The Literary Diplomat
By
Ambica Gulati

Navtej Sarna (IFS Retd)
Navtej Sarna (IFS Retd)
The Career Ladder
While awaiting his civil services result, Sarna was selected for the very exclusive Tata Administrative Service. ‘That, too, was a great service, very difficult to get into. I spent a few months with them in Bombay but when I got the news that I had made it into the foreign service, there was no doubt in my mind about what I wanted to do. So, I said goodbye to the Tatas gently and politely, and came to Delhi in September 1980 to sign up at the Ministry of External Affairs.’
The entire training for the foreign service those days lasted two years, which included a three-month foundation course at the Lal Bahadur Shastri National Academy of Administration in in Dehradun in what is now the state of Uttarakhand, attachments with various institutes across Delhi, a three-month district training and even an attachment with the Indian Army. ‘We were trained at the Indian Institute of Foreign Trade, Indian Institute of Mass Communication, School of International Studies at the Jawaharlal Nehru University. My district training was in Nahan, Himachal Pradesh; then there was an army attachment for a couple of weeks in the Northeast and finally an attachment with a division in the Ministry of External Affairs.’
After this two-year on-the-job training, he was assigned to the mission in Moscow. ‘The first posting depends on the language allotted, which in my case, was Russian. I learned the language and after an exam, I was confirmed in 1983.’
It was his first time in a foreign land, but his congeniality and ability to connect with people were an invaluable asset. ‘I made friends with people in the Bolshoi theatre and would often get tickets for ballet and opera for others in the office as well.’
The social and political milieu was different, but for young Sarna in search of adventure, it was an unexplored mysterious world. It was the era of the Soviet Union and the Cold War. The communist country had different systems in place. Mail came through the diplomatic bag every two weeks. International calls had to be booked and could take hours to materialize; Sarna recalls keeping the big phone by his bedside in case the call came late into the night. ‘It was a year and more of learning a new language, a new culture, and making new friends. I didn’t even get to go to Leningrad (St. Petersburg) ─ couldn’t afford it, but I saved every penny and undertook the long train journey from Moscow to Paris.’
This forty-eight-hour, three-thousand-kilometre journey took him through spectacular landscapes across Russia and Europe. The train went through present-day Belarus, Poland, then East and West Germany, through the Iron Curtain in Berlin. The wheelsets of the train were changed from a Russian broad gauge to European meter track gauge at Brest. The dining car was also dismantled here, which young Sarna was unaware of. ‘My co-passengers, a family, had enough Russian food and they shared that with me. In turn, I shared my lone big bar of Toblerone chocolate.’

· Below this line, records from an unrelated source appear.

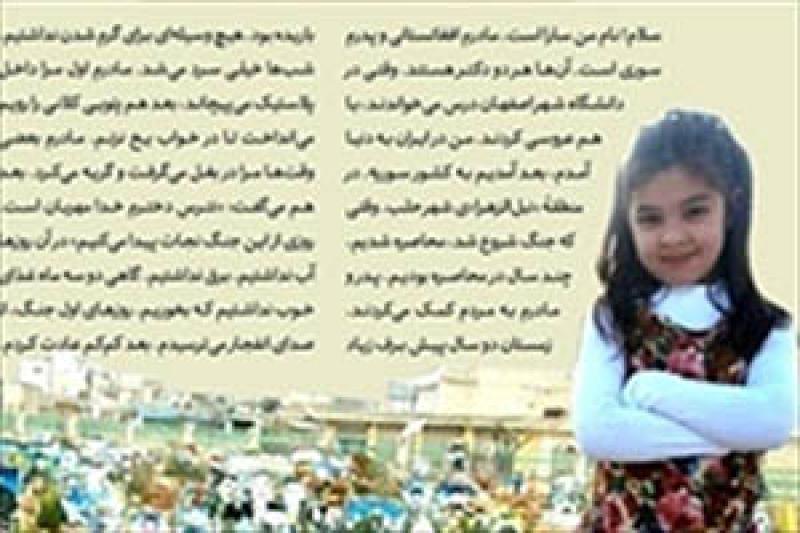 در این نامه آمده است: سلام! نام من سارا است. مادرم افغانستانی و پدرم سوری است. آنها هر 2 پزشک هستند. وقتی در دانشگاه شهر اصفهان درس میخواندند، با هم عروسی کردند. من در ایران به دنیا آمدم، بعد آمدیم به کشور سوریه.
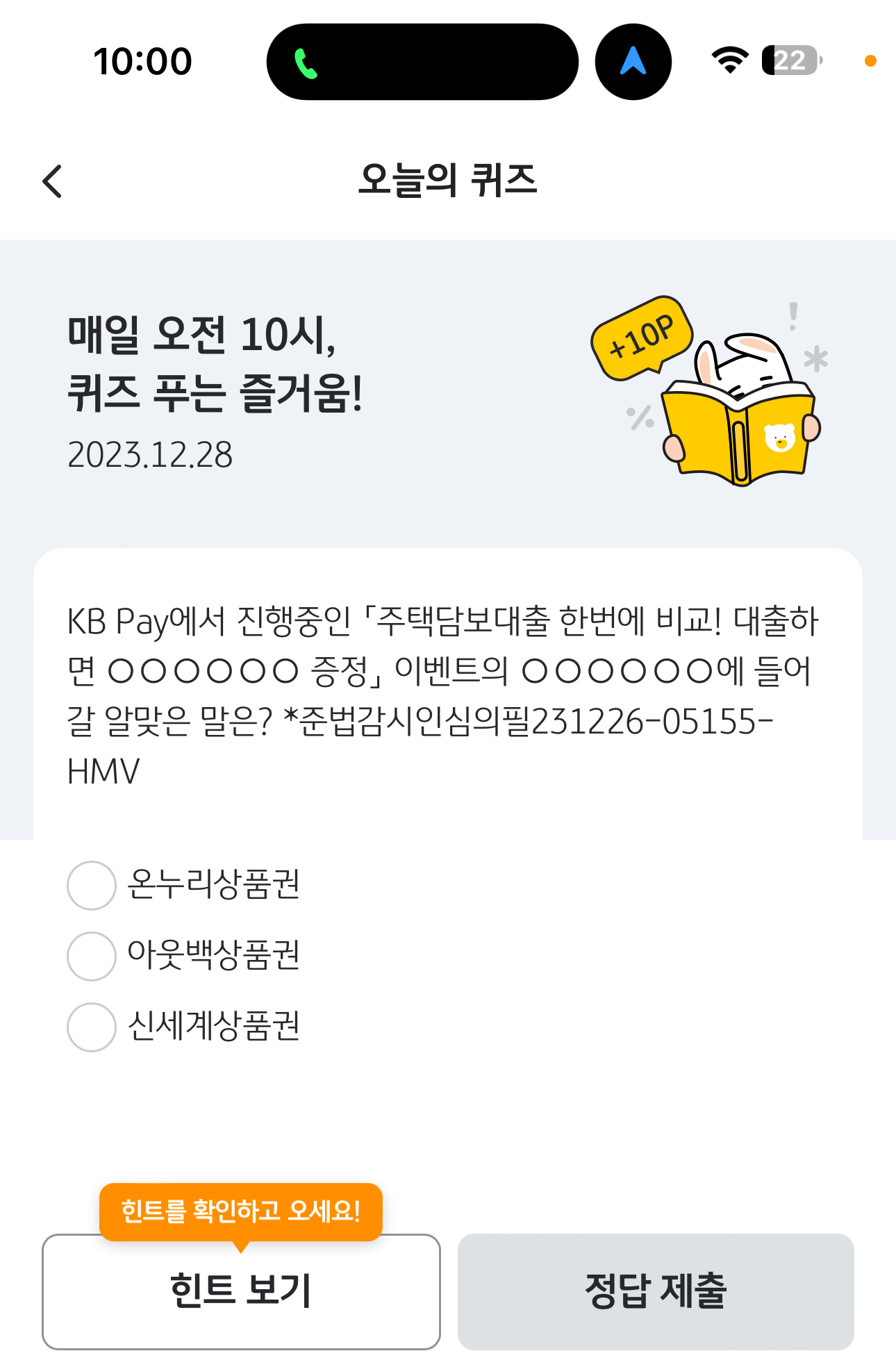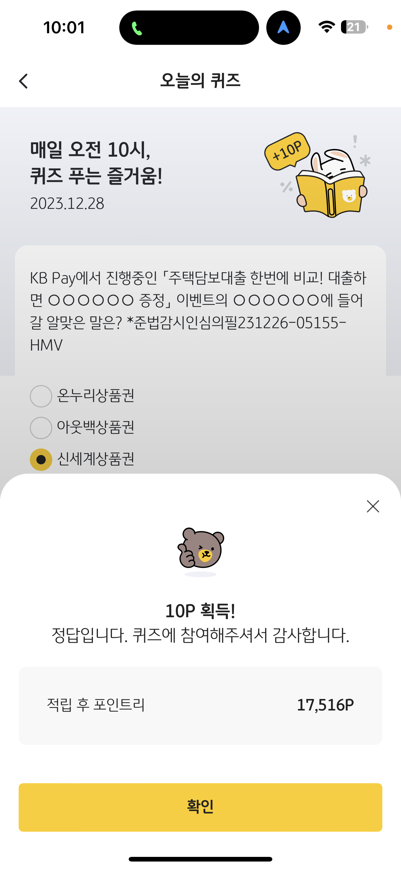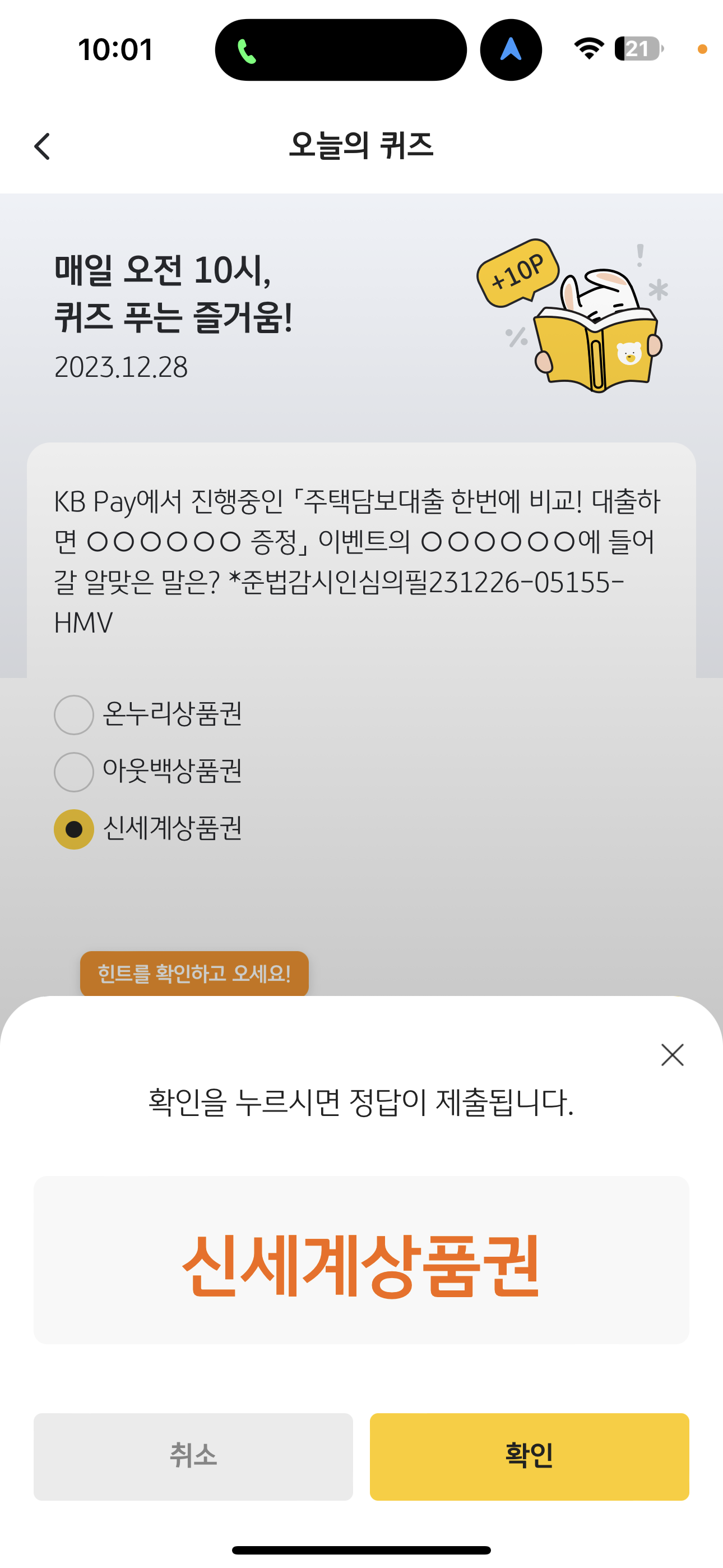 KB Pay 오늘의 퀴즈 정답은 신세계상품권 입니다
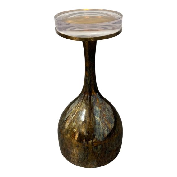 Design Plus Gallery presents the Magni, a Magnifying Decanter Drink Table from Sylvan SF. You will come to love its unique + stylish presence with your furniture. It is constructed using a labor-intensive hand hammering process, which gives it a textured and rustic look. The table is finished with a hand-polished tortoise brass industrial finish, adding to its aesthetic appeal. One of the standout features of this drink table is the subtle magnifying resin top detail. This detail creates an interesting visual effect when the table is viewed from above. Quite a modern and eye-catching piece that will stand out nicely in your home. Minor wear.
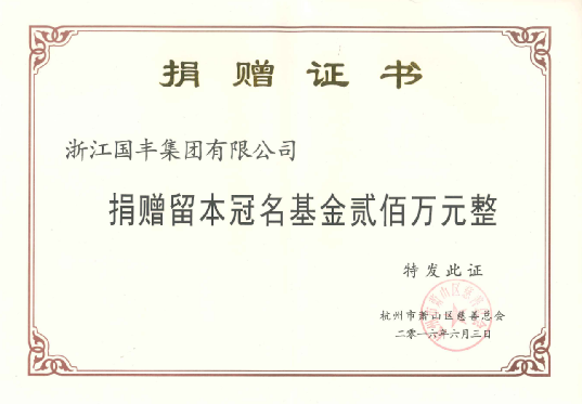 2016年6月3日,浙江國豐集團有限公司捐贈留本冠名基金貳佰萬元整。
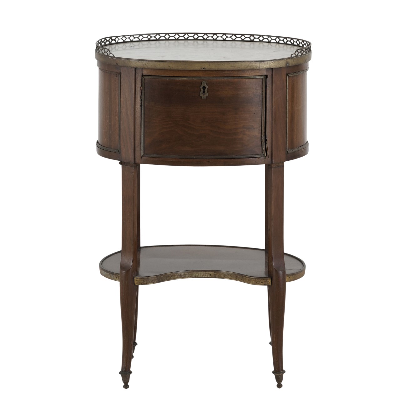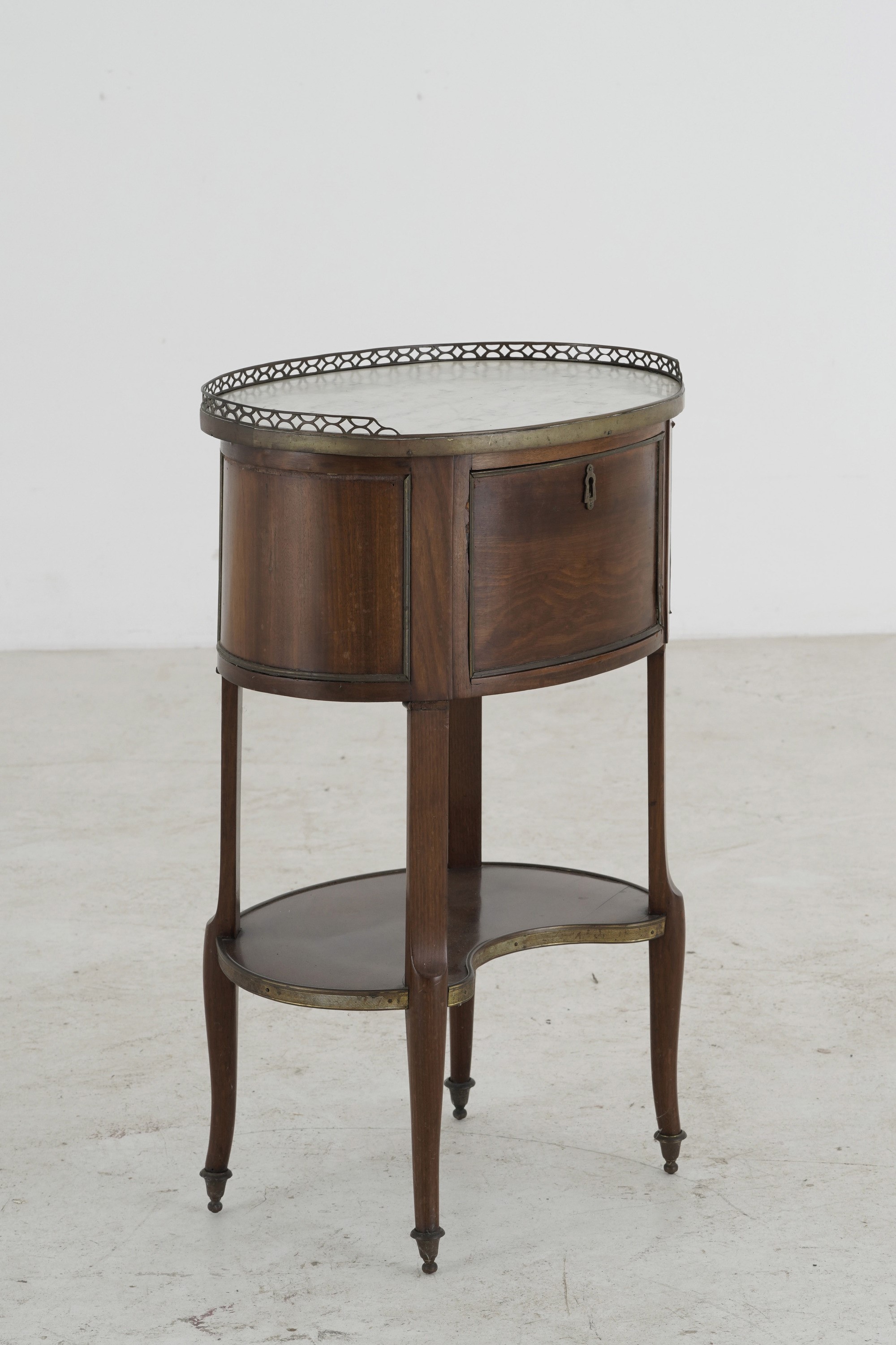 Un’anta sul fronte, piano in marmo incassato entro ringhierina in bronzo dorato, gambe riunite da pianetto sagomato
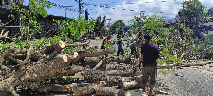 Kali ini, sedikitnya ada empat pohon yang ditangani. Sebab pohon perindang, pinggir jalur nasional ini berpotensi tumbang dan dapat membahayakan pengguna jalan.
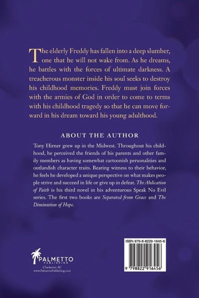 While the elderly Freddy falls into a deep sleep that he will not wake from, the forces of darkness seek to destroy his childhood memories. The armies of heaven and hell clash over his soul. As Freddy sleeps, he battles for his soul. A treacherous, hungry monster lurks in the shadows of his mind and attacks his childhood memories. To overcome the tragedy of his childhood, Freddy must join with the armies of God and drive away the darkness. Only then can Freddy move past his childhood memories to his young adulthood where even more terrifying monsters await him. Meanwhile, the courageous Faith fights against the plots of Lucifer, who seeks to destroy the angel Nathan in his ongoing challenge against God. All the forces of heaven and hell clash and battle in this supernatural thriller of epic proportions. The Abdication of Faith is a timeless story about the battle between the ultimate forces of good and evil. Fans of supernatural stories with angels, demons, the armies of God, and the powers of Lucifer will be thrilled to open its pages. Readers who want determined characters who fight hard for what they believe in may find Freddy and Faith the ideal heroes they have been searching for. The Abdication of Faith continues the harrowing adventure of the Speak No Evil series.

The days of divided Germany meant rigorous border checks, much like the movies—blue-eyed macho German guards with sniffer dogs scrutinised passports in the middle of the night. This train was a potential escape route for those fleeing to the West, and the border checks were diligent.
It was an unforgettable holiday. ‘To be young and in Paris, what more could anyone want? I stayed with a friend, walked around the city, explored the monuments, and ate at streetside cafes. I saw several exhibitions and visited museums.’
Much later in his career, he visited Paris many times and finally also St Petersburg as well as Central Asian countries such as Kazakhstan, Kyrgyzstan, and Uzbekistan, which had then been part of the Soviet Republic.
From Moscow, Sarna returned to New Delhi and was assigned to the external publicity division of the Ministry of External Affairs. As the right-hand man of the official spokesperson, his job was to provide all kinds of assistance to the foreign press. Journalists from The New York Times, BBC, and other major global newspapers were always in and out of the ministry. It was a momentous time (1984) that witnessed Operation Blue Star, the assassination of the then prime minister, Indira Gandhi, the massacre of Sikhs in the wake of the assassination, the election of a new prime minister, Rajiv Gandhi and the Bhopal Gas tragedy. All of these events had news value and dealing with the foreign press those days was a very busy job.
In 1985, he was posted to Poland, a large European nation with a complex polity, part of the Warsaw Pact, known as the Treaty of Friendship, Co-operation and Mutual Assistance but with a distinct identity. It was a time of great political churn, just after Martial law that lasted from 1981-3. Sarna spent an eventful four years in Poland during which he saw and reported on considerable political, social, and economic change. That was also the time of the Chernobyl nuclear disaster in 1986 in Kiev and its impact was felt in Warsaw. ‘We were closer than Moscow and the cloud passed right over Warsaw.’